TL;DR: Every Ravio benchmark now shows exactly how it was built so you can explain your compensation decisions with clarity, not guesswork.
Compensation decisions don't happen in isolation. You pull a benchmark, build a band, present it to leadership and then comes the question: "How do we know this is accurate?"
If you can't explain where the number came from, that's when the second-guessing starts.
That's why we've enhanced how we show benchmark confidence in Ravio. We show our methodology for every benchmark, so you can stand by it.
Four confidence levels. One quality bar.
Every benchmark now carries a confidence indicator: Exceptional, Very Strong, Strong, or Moderate. Each reflects the size and diversity of the underlying dataset and the strength of the signal that data is giving us.

You'll notice there's no "low confidence" option. That's deliberate. We only publish benchmarks that meet our quality thresholds – if we can't defend it, we don't publish it.
Click into any benchmark and you'll see the methodology: verified data sources, in-house mapping and levelling, real-time validation, and the QA checks we run before publication.
For each benchmark we give you precise sample sizes. Our Exceptional benchmarks are built on a large number of employees from a diverse range of companies. For every benchmark, we give you the size of the dataset we used to build it, including the subset of data which aligns with your selected filters.

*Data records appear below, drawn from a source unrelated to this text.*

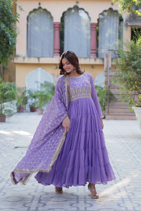 Orchid Star Georgette Fabrics And Designer Embroidered Dupatta Gown
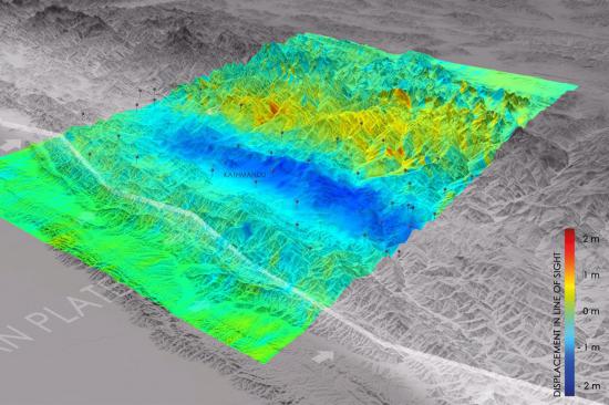 An image based on satellite data from the European Sentinel-1A satellite shows how and where the land uplifted and sank from the 7.8-magnitute earthquake that struck Nepal on 25 April 2015. Using satellite data generated before and after the earthquake, experts at the German Aerospace Center’s Earth Observation Center (EOC) created the image showing the different movements of the zones.
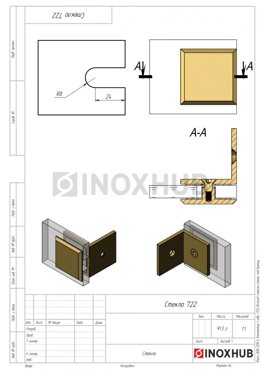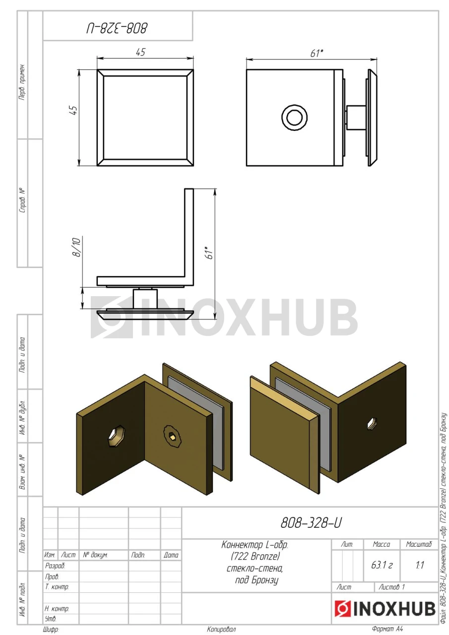Коннектор L-обр. (722 Bronze) стекло-стена, под Бронзу

Filling gaps without hiding the method
When our market data doesn’t meet our publishing thresholds (it may not be large or diverse enough), we use calculated benchmarks. Gap filling between experience levels, comparative analysis from similar roles, regional market factors. Rather than hiding behind a “black box”, we show how the benchmark was produced in our new Methodology tab.
Location differentials work similarly. When we have strong data in a base location but limited coverage for your target market and role combination, we calculate a role-specific differential and show you the reference locations and positions that informed it.
- Reference location: We use a suitable reference location that correlates with your target benchmark location.
- Optimal base position selection: We select an optimal base position that correlates with your benchmark position – typically other positions within the same function.
- Role-specific differential calculation: We calculate the role-specific differential between the base benchmark and target benchmark based on a relevant location, positions, levels, and market filters.
- Benchmark calculation: We multiply the base benchmark by the differential to calculate the target benchmark.
Why this matters
Picture this: Your CFO questions the Senior Engineer band you've just proposed. "Why is it £15k higher than last year?"
Without methodology transparency, you're relying on trust.
With it, you're showing data: verified HRIS data from 200+ companies in your peer group, rigorously validated by human QA checks, refreshed monthly from real-time data. "Trust me" becomes "here's how we know".
That's the difference transparency makes. Fewer debates. More autonomy. Confident compensation decisions backed by defensible benchmarks.

The bottom line
Confidence isn't about trusting us blindly. It's about understanding the methodology behind the benchmark - so you can show your working.
Every benchmark. Every confidence level. Every methodology decision. There to inform your decisions.